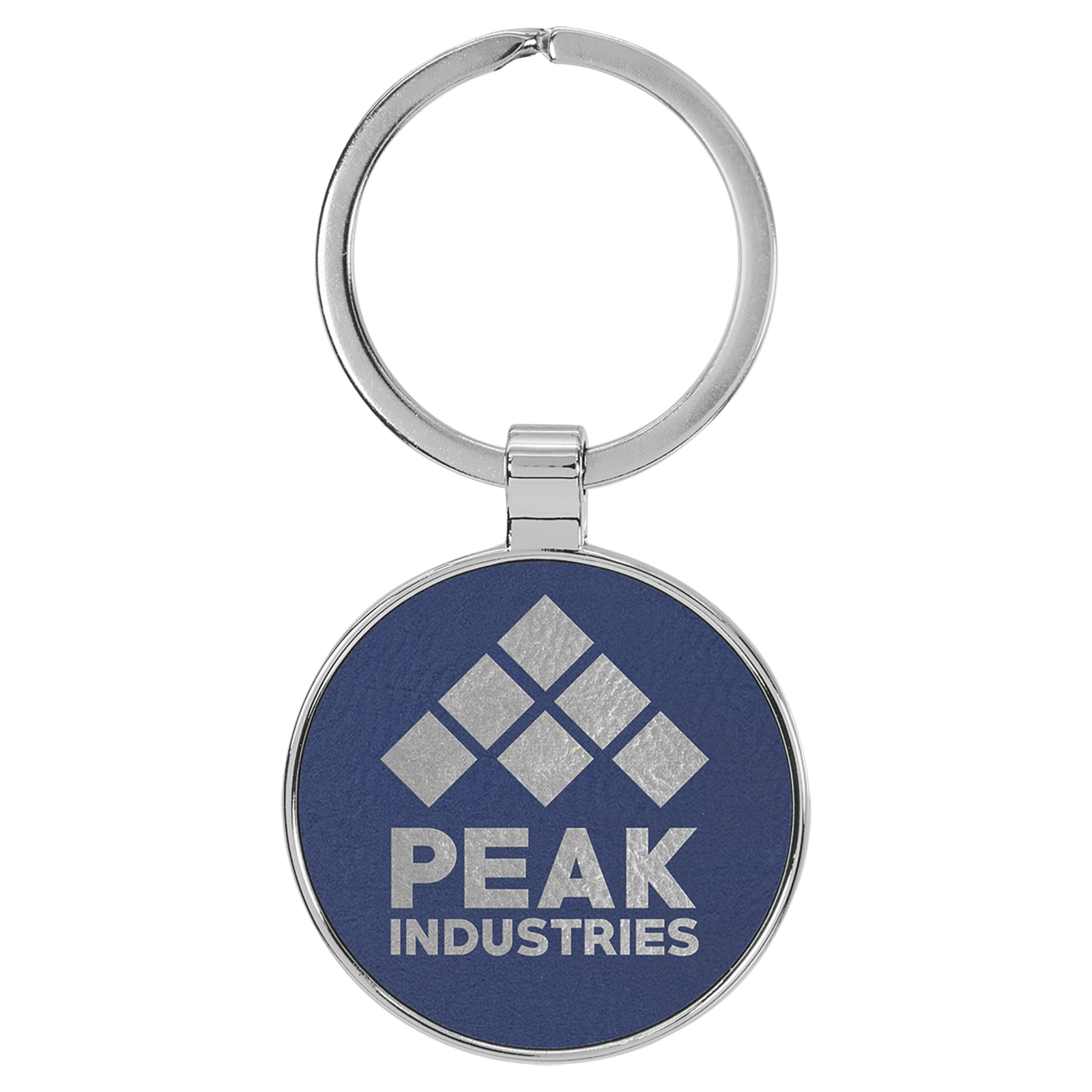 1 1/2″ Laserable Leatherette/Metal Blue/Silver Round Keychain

* * *

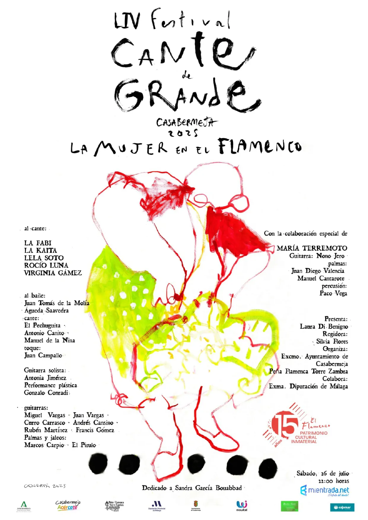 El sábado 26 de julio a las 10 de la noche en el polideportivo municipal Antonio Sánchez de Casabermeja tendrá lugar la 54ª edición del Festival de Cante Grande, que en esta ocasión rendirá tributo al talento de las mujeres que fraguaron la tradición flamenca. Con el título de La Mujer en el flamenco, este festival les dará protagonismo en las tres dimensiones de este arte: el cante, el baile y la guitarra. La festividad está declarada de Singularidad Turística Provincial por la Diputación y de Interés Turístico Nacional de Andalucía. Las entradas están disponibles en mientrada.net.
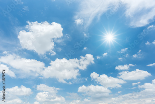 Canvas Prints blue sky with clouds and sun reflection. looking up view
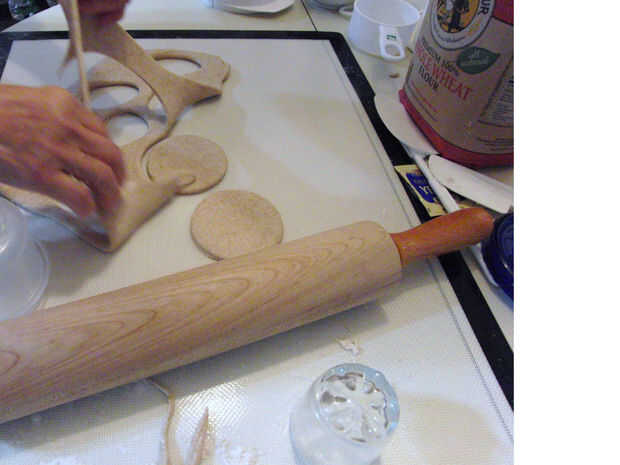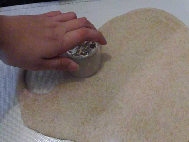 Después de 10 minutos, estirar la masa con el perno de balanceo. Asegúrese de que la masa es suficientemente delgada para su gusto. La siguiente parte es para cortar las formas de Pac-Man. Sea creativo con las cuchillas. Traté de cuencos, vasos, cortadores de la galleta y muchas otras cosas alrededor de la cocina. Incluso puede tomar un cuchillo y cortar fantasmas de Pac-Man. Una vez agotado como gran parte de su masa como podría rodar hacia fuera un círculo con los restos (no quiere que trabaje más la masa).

--

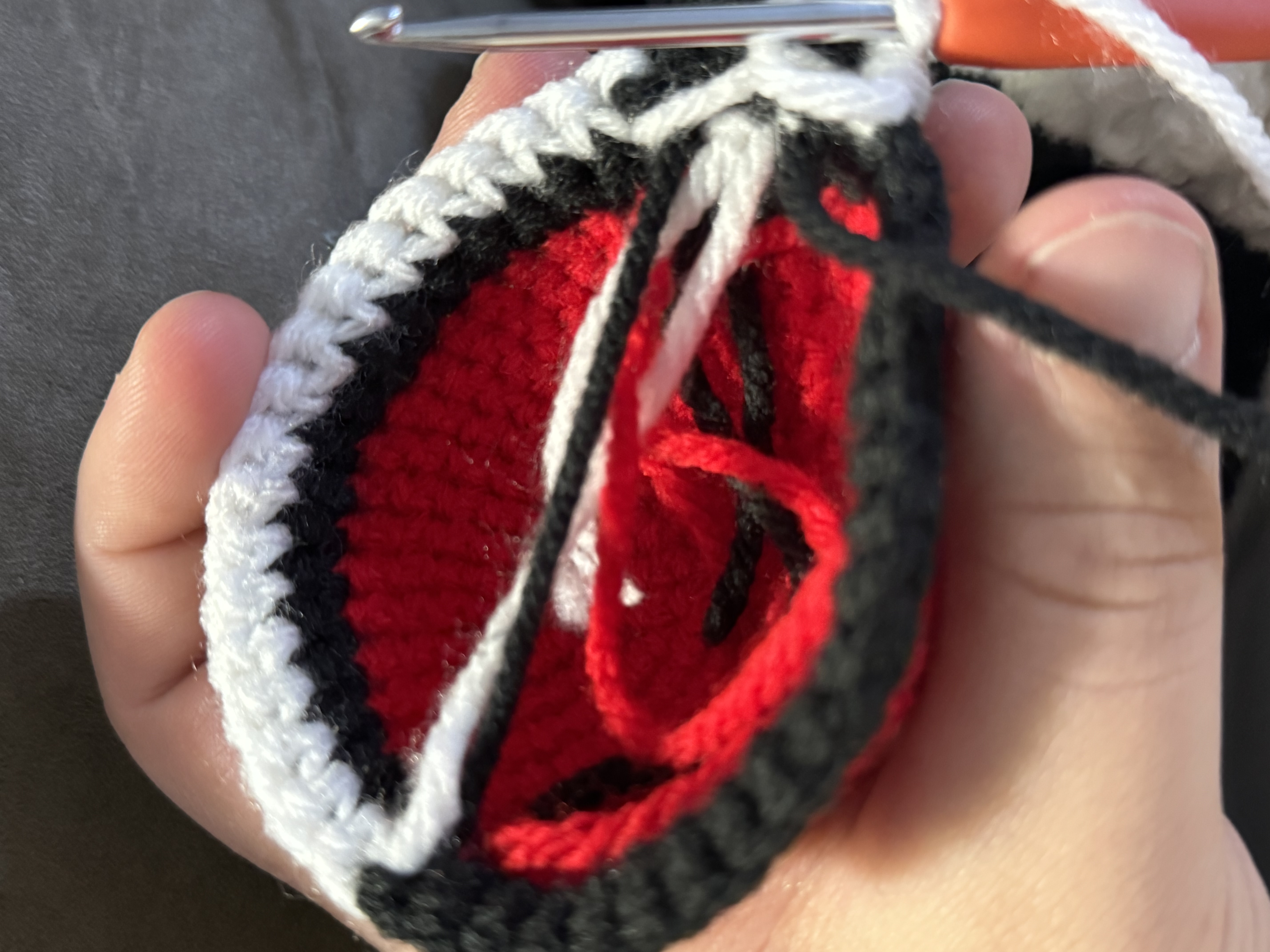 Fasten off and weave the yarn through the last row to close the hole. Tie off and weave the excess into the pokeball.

__What is needed__: Take the material above from the line containing "Canvas Prints blue" up to and including the line containing "Después de 10" and retype it exactly, without any pictures.

__Problem solution__:
 Canvas Prints blue sky with clouds and sun reflection. looking up view
 Después de 10 minutos, estirar la masa con el perno de balanceo. Asegúrese de que la masa es suficientemente delgada para su gusto. La siguiente parte es para cortar las formas de Pac-Man. Sea creativo con las cuchillas. Traté de cuencos, vasos, cortadores de la galleta y muchas otras cosas alrededor de la cocina. Incluso puede tomar un cuchillo y cortar fantasmas de Pac-Man. Una vez agotado como gran parte de su masa como podría rodar hacia fuera un círculo con los restos (no quiere que trabaje más la masa).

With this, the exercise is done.